En passant professionnel, Benjamin se fixe de nouveaux objectifs : le boxeur se laisse deux ans pour décrocher le titre de champion de France dans sa catégorie « welters » (compris entre 63,5 et 69 kilos – Ndlr). Benjamin espère que ce titre attirera les sponsors et lui permettra d’envisager de réellement vivre de sa passion et pourquoi pas un jour « aller décrocher un titre de champion du monde ». En attendant, Benjamin doit multiplier les combats. Le prochain se déroulera le 5 mai à Cugnaux.

M.P

*Boxe pro VS boxe amateur
À savoir : la boxe professionnelle se différencie de la boxe amateur plus connue du grand public. Les boxeurs évoluant en équipe de France sont principalement des boxeurs amateurs, cela ne définissant pas le niveau des sportifs. Ces derniers disputant leur combat en trois rounds de trois minutes, contrairement aux pro qui peuvent en découdre pendant douze reprises. Le comptage ne s’effectue pas de la même manière, les amateurs portent un casque… Aux Jeux Olympiques de Rio, les boxeurs professionnels, jusqu’alors exclus des rings olympiques ont pu y participer. Une décision qui avait créée la polémique tant les deux boxes sont différentes et l’épreuve olympique étant au format amateur. Les professionnels n’ont d’ailleurs remporté aucun titre.

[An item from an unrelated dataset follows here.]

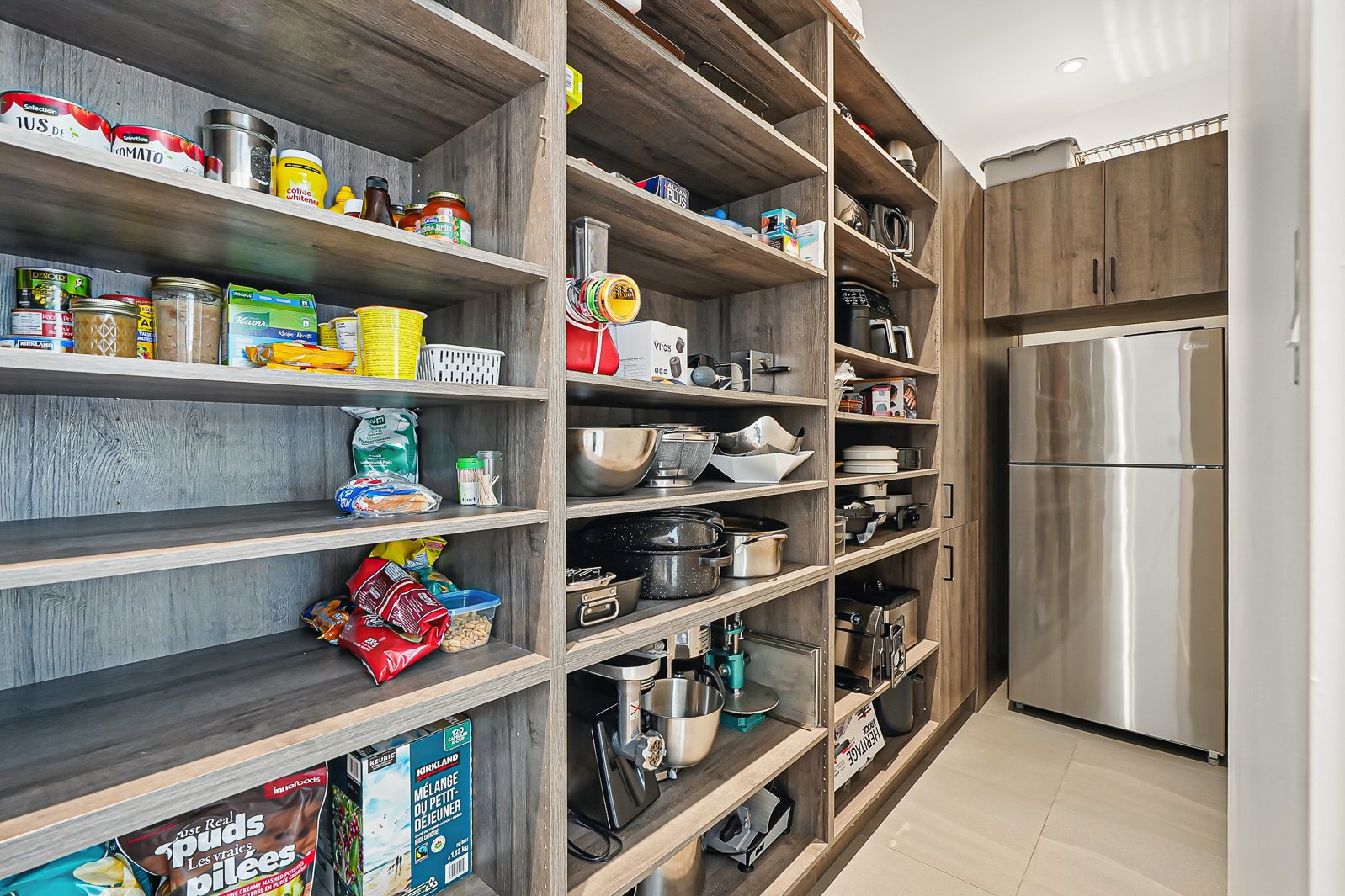 The main floor impresses with 10-foot ceilings, bright and expansive spaces and a layout that is both functional and refined. At the heart of the home, the kitchen features premium Jenn-Air and Bosch appliances, a 10-foot quartz island, a built-in dual wine fridge and elegant polyester cabinetry. A large pantry (5' x 11'4") includes a second fridge space.

Lucas perd son titre de champion de France sur une décision partagée

Le week-end dernier avaient lieu les championnats de France de boxe anglaise à Bourgoin-Jallieu, en Isère. Lucas Veilleroy participait pour la quatrième fois consécutive aux phases finales. Quart de finaliste cadet en 2015, il avait dû déclarer forfait à cause d’une blessure à l’épaule, avant en 2016 devenir champion de France cadet et champion de France junior en 2017. Le Néracais remettait donc son titre en jeu, le week-end dernier. Sur décision arbitrale (deux juges à un), Lucas s’incline en demi-finale. Une décision qui peut-être contestée selon son entraîneur toulousain, Mohamed Bennama : « Je vois Lucas gagner les deux premiers rounds. c’est vrai que le combat a été très physique et qu’il y a eu chez Lucas une petite baisse de régime dans le troisième round. Mais jamais de la vie il ne perd ce combat. Même le délégué responsable des championnats m’a dit que cette décision était honteuse. »
Déçu mais pas abattu, Lucas pense déjà au tournoi international des Vikings auquel il participera les 20, 21 et 22 avril à Carentan, en Normandie.